For the artificially generated image dataset and MolrecUOB dataset, the ‘Ratio of Properly Reconstructed Images’ is defined as the portion of molecular images for which our model can accurately reconstruct the SMILES representation; we also adopted the Tanimoto similarity, a commonly used metric to estimate the similarity between molecule structures. The performance is reported in Table 2. As can be seen, our model can correctly reconstruct the structures of 79% of the input MolrecUOB images, with a nice Tanimoto similarity score of 0.90, indicating that the model has acceptable generalization ability on real data. Note that the accuracy and the Tanimoto similarity metric were much higher on our generated dataset, which was 0.972 and 0.982, respectively. This is because the MolrecUOB dataset included some style of representations that were not covered in our data generator, examples including (1) the number of atoms in the carbon chains or on the rings might be unknown (e.g. ‘–(CH2)n–’ indicating n chain-linked carbons); (2) nested super-atom labels with numbers (e.g. ‘(CH3CH2)2N–’ indicating two ethyl groups on atom N) and (3) wavy bonds. It is worthwhile to note that those uncovered type of representations can be easily incorporated in our data generator, which would lead to a training dataset with wider coverage and so an improved reconstruction can be expected.
Table 2.
Performance of the image-processing unit on the generated Markush images and a real (external) molecular image dataset
| Ratio of properly reconstructed images a | Tanimoto b | |
|---|---|---|
| Generated Images (30,000 samples) | 0.972 | 0.982 |
| MolrecUOB Images (5740 samples) | 0.791 | 0.904 |
The ratio of correctly reconstructed images (all the atoms, bonds and charges in the image are correctly recognized).
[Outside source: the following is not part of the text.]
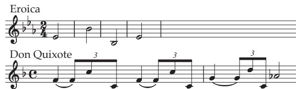
Abb. 19: Don Quixote will Schäfer werden.

Cervantes' Parodie auf die aus Frankreich stammende Mode der anakreontischen Dichtung hat Strauss in musikalische Hirtenmusik übersetzt. Die schlichte Hirtenweise ist bereits in Variation II, bei Quixotes Kampf gegen die Hammelherde, erklungen. Strauss verwendet vordergründig pastorale Topoi: den quasi 6/8-Takt und die großen, naturhaft-urigen Intervalle des Englischhorns. Das erinnert an den Schweizer Kuhreigen, die Hirtenrufe zu Beginn der »Scène aux champs« aus der Symphonie fantastique von Berlioz und an die »traurige Weise« zu Beginn des dritten Aktes Tristan . Doch ist dies eine geschickte Camouflage. Denn Don Quixote fühlt sich ja als Held, der als Schäfer nur die Jahresfrist überstehen will. Im Hintergrund des Schäferthemas steht darum Beethoven: das Thema (bzw. der Bass des Themas) der Variationen in der Eroica .

The average Tanimoto similarity metric.
Chemical entity recognition
Recognition of meaningful chemical entities in the patent text and transforming them to predefined labels is the key to alignment of the chemical entities across the text and image modalities. As shown in Figure 5D, the BiLSTM-CRF model was chosen to detect substituent entities, which can learn the feature of entity processed by word embedding through LSTM and consider the correlation between the front and back of the sequence by CRF, more details can be found in the ‘Materials and Methods’ section. We note that the annotated corpus for chemical structure texts in the patents is particularly limited, which can directly affect the generalization capacity of the trained model. To address this question, we have downloaded a wide spectrum of 2712 chemical patents from the European Patent Office and the US Patent and Trademark Office, and collected entity texts and annotated training (2400 snippets) and test (312 snippets) sets for a total of 20 798 words (Figure 5A, see the ‘Materials and Methods’ section). During the training phase, we expanded the training set from 2400 to 7506 snippets by replacing the substituent entity with other substituent entity through the same label (Figure 5B), which can better tune hyper parameters of our models, respectively. The data set was split into train and test sets, and as a result of this new setting, 6755 snippets were available in train set, 751 in the validation set and 312 in test set. Figure 5C shows the entity distribution in appears similar for different datasets. The majority of the annotations are rom S-component, covering 57% of entities in the development phase. In contrast, M-component represent 7.0% of entities in the development phase.
Figure 5.
The text-processing unit and model evaluation in chemical entity recognition. (A) Annotated snippets for NER with some substituent types (S-Entity, S-component, B-component, M-component and E-component). (B) Data enhancement protocol, which converted 2400 raw snippets into 7506 snippets. (C) Distribution of the chemical entities in the training, validation and test set. (D) Illustration of the test-processing unit, the BiLSTM-CRF architecture. (E) The confusion matrix of entity prediction; the
th entry of the matrix signifies the portion of
th-type entities that are predicted as the
th-type entity. Dominant diagonal entities indicate an accurate prediction.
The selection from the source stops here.